Limitations of Current Evidence

  • Many studies are cross-sectional and cannot prove causality.
  • Results are influenced by diet, age, geography, systemic disease, medications and sequencing methods.
  • Taxonomic findings may not reflect functional microbial activity.
  • Animal and human microbiome findings may not translate directly.
  • Microbiome-targeted ocular therapies require disease-specific randomised trials.

Future research direction

There is a recognized link between gut microbiota and immune-related diseases. Future studies should aim to clarify how gut commensal bacteria contribute to sustaining the host’s immune equilibrium. Patients with uveitis experience changes in gut fungal diversity, indicating that treatments such as fecal microbiota transplantation (FMT) need to address the entire gut microbiome rather than just bacteria. Because gut bacteria interact dynamically and cooperatively, multi-strain probiotic blends may provide more effective and lasting therapeutic outcomes.

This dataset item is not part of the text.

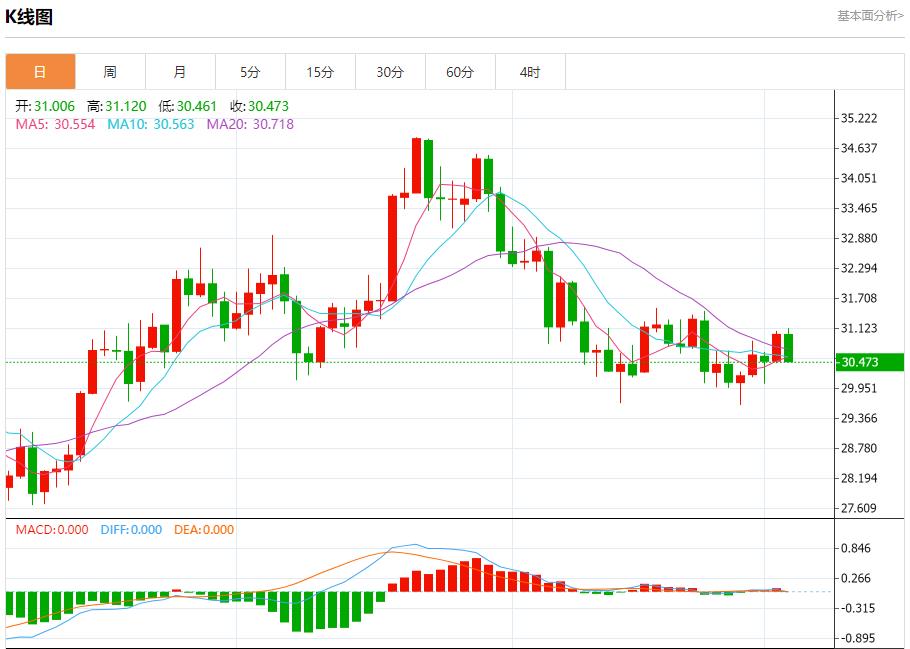 现货白银:截止北京时间21:13,现货白银下跌,现报30.47,跌幅1.73%。纽市盘前,自上午以来,白银价格显示出紧张的交易,这使得看涨趋势情景有效,因为今天没有任何变化,其下一个目标位于31.63美元,提醒您保持在30.63美元以上是重要的,以保证预期上涨的持续。

Identifying prebiotic compounds that work well, establishing their best dosage and delivery methods, and confirming their clinical effectiveness will be crucial tasks for upcoming research.[6]

  • Future research should move beyond cross-sectional association studies toward longitudinal, mechanistic, and interventional designs.
  • Key priorities include identifying disease-specific microbial signatures, defining functional microbial metabolites, standardising sequencing and bioinformatics methods, accounting for diet and medication confounders, and validating findings across diverse populations.
  • Clinical trials are needed to determine whether microbiome-targeted interventions such as diet modification, prebiotics, probiotics, synbiotics, metabolite-based therapy, or fecal microbiota transplantation can meaningfully alter ocular disease activity or progression.
  • As probiotic effects are highly strain-specific, future studies should define the exact strain, dose, duration, safety profile, and target disease phenotype.

Clinical Takeaways

  • The gut-eye axis is an emerging framework linking intestinal dysbiosis with ocular inflammation, retinal degeneration, vascular dysfunction, and ocular surface disease.
  • Current evidence is strongest for associations in uveitis, AMD, dry eye/Sjogren’s syndrome, and some retinal vascular disorders, but causality remains incompletely proven.
  • Microbiome findings are influenced by diet, age, geography, systemic disease, medications, and sequencing methodology.
  • Microbiome testing is not currently part of routine ophthalmic evaluation.
  • Microbiome-targeted therapies are promising but remain investigational and should not replace standard ophthalmic care.